Gate-defined wires in twisted bilayer graphene: from electrical detection of inter-valley coherence to internally engineered Majorana modes

TL;DR

This paper proposes using gate-defined wires in twisted bilayer graphene to detect inter-valley coherence and engineer Majorana modes, advancing quantum computing and understanding of correlated states.

Contribution

It introduces a method to reveal symmetry-breaking in TBG and demonstrates how to create Majorana zero modes using gate-defined structures and proximity effects.

Findings

Gate-defined wires detect inter-valley coherence signatures.

Majorana zero modes can form at zero magnetic field.
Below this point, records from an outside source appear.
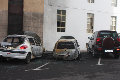 El personal del Consorcio de Bomberos de Arrecife halló dos vehículos ardiendo cuando llegaron al lugar del siniestro, momento en el que el fuego empezó a extenderse a otros dos coches cercanos y a la fachada de una vivienda sin producir daños personales.
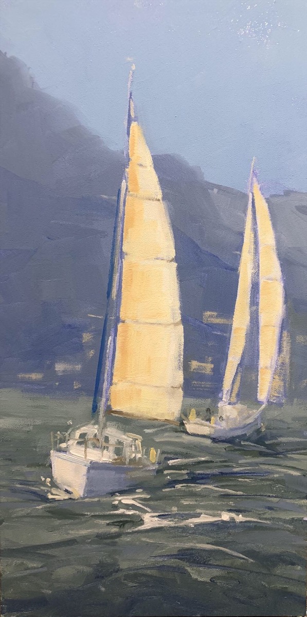 - Joseph McFadden, Two Sails on San Francisco Bay Oil, 12″ x 6″. SOLD.
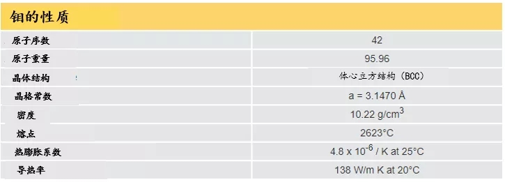 钼是所有元素中熔点最高的元素之一,但与其它大多数高熔点金属不同,钼的密度仅比铁的密度高25%。钼的热膨胀系数是工程材料中最低的,而其导热系数则超过了大多数元素。

The approach enables gate-tunable topological qubits.

Abstract

Twisted bilayer graphene (TBG) realizes a highly tunable, strongly interacting system featuring superconductivity and various correlated insulating states. We establish gate-defined wires in TBG with proximity-induced spin-orbit coupling as $(i)$ a tool for revealing the nature of correlated insulators and $(ii)$ a platform for Majorana-based topological qubits. In particular, we show that the band structure of a gate-defined wire immersed in an `inter-valley coherent' correlated insulator inherits electrically detectable fingerprints of symmetry breaking native to the latter. Surrounding the wire by a superconducting TBG region on one side and an inter-valley coherent correlated insulator on the other further enables the formation of Majorana zero modes--possibly even at zero magnetic field depending on the precise symmetry-breaking order present. Our proposal not only introduces a highly gate-tunable topological qubit medium relying on internally generated proximity effects, but can also shed light on the Cooper-pairing mechanism in TBG.